Funnyball is a a binary classifier for predicting post-season college basketball victories based on regular season data and seeds.
- Kaggle data
- NCAA
###Other potential data sets to incorporate
Team Stats - transform %
Vegas Odds
Regular season versus Unfortunately I found that regular season matchups of teams in the post season are too sparse to use, and not predictive.
Regular season win records vs common teams - i.e. top 4/8/16 seeds that season - i.e. all other seeded teams in the tournament
Aggregated Team Ratings - Sagarin
News - Injuries - Coaching Changes
Player based - biometric - Individual statistics
- Predict winner of team A vs B - Gaussian
- Predict scores for A and B - Binomial or Poisson)

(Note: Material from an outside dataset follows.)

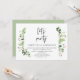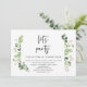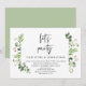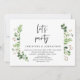 Modelo de convite de casamento com tema de folhas verdes de verão, escrito em preto moderno, (vamos festejar). É perfeito para o seu casamento às escondidas / festa de celebração pós-casamento. Adicione seus detalhes em fonte preta correspondente.

- Predict proportion of posessions
For all matchups in previously known postseasons
- Observation (team1_team2)
- DID_WIN_IN_POSTSEASON (0,1)
- SEED_DIFFERENTIAL (lseed - wseed; higher means winner was favored)
- REGULAR_SEASON_WIN_LOSS (when the teams matched up in the regular season, what was the ratio of team 1 to team 2's wins)
This can be done with
(use 'funnyball.build :reload-all)
(save-to-r-file)
Visualize the data in a scatter plot
(use 'funnyball.model :reload-all)
view-dataset
You should see a graph like this:
Run a random forest classifier on this data to see how significant the features are in predicting the response variable:
- Run the steps in
R_model.R
in RStudio. Note that you may need to install the following packages- e1071
- ggplot2
- randomForest
data <- read.table("output/input-r.csv", header=TRUE, sep=",")
rf <- randomForest(x=data[,c("seed.advantage","seed.win.loss.advantage.64")], y=as.factor(data[,c("did.win")]), importance=TRUE, proximity=TRUE)
Run the random forest model created in the previous step against the current year's regular season results and tournament seeds
data <- read.table("kaggle_data/current_season-r.csv", header=TRUE, sep=",")
data$predictWillWin <- predict(rf,data[,c("seed.advantage","seed.win.loss.advantage.64")])